Esse fenômeno está relacionado à matéria orgânica do solo residual das culturas. Diferentes tipos de resíduos vegetais possuem proporções variadas de carbono e nitrogênio, influenciando sua taxa de decomposição. Resíduos de soja, ricos em nitrogênio, se degradam rapidamente, enquanto os de gramíneas permanecem por mais tempo no solo.
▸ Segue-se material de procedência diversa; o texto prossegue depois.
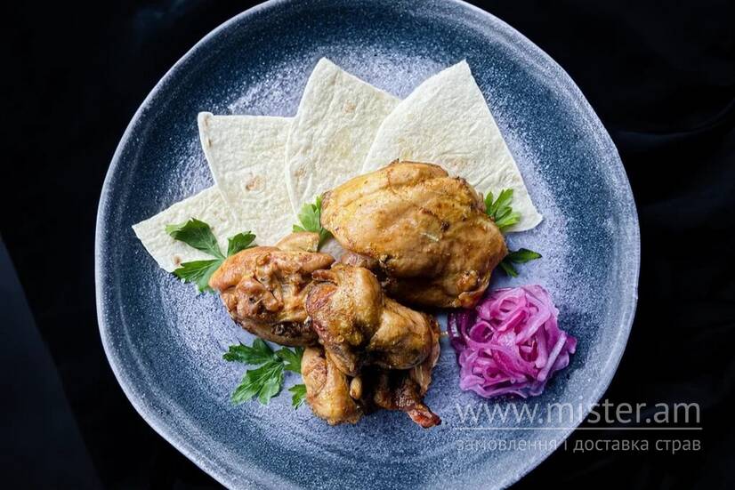 Соковите куряче стегно, замариноване у спеціях та обсмажене в хоспері до золотистої скоринки. Подаємо з маринованою цибулею, тортільєю та соусом аджика.

Isso reforça a importância de sistemas agrícolas integrados e de baixo impacto, que aumentam a produtividade enquanto preservam a qualidade do solo, do meio ambiente e seus serviços ecossistêmicos.

Resultados da pesquisa e seus impactos

O estudo mostrou que as áreas manejadas com ILP apresentaram uma microbiota mais equilibrada, com maior diversidade de microrganismos e melhor eficiência na ciclagem de nutrientes. Isso se traduziu em solos mais resilientes e produtivos. “Quando analisamos o carbono da biomassa microbiana e a matéria orgânica, que resulta no quociente microbiano, vimos que estavam significativamente melhores nas áreas de ILP, o que indica um ambiente mais estável e com maior capacidade de regeneração”, explica o docente da UEM.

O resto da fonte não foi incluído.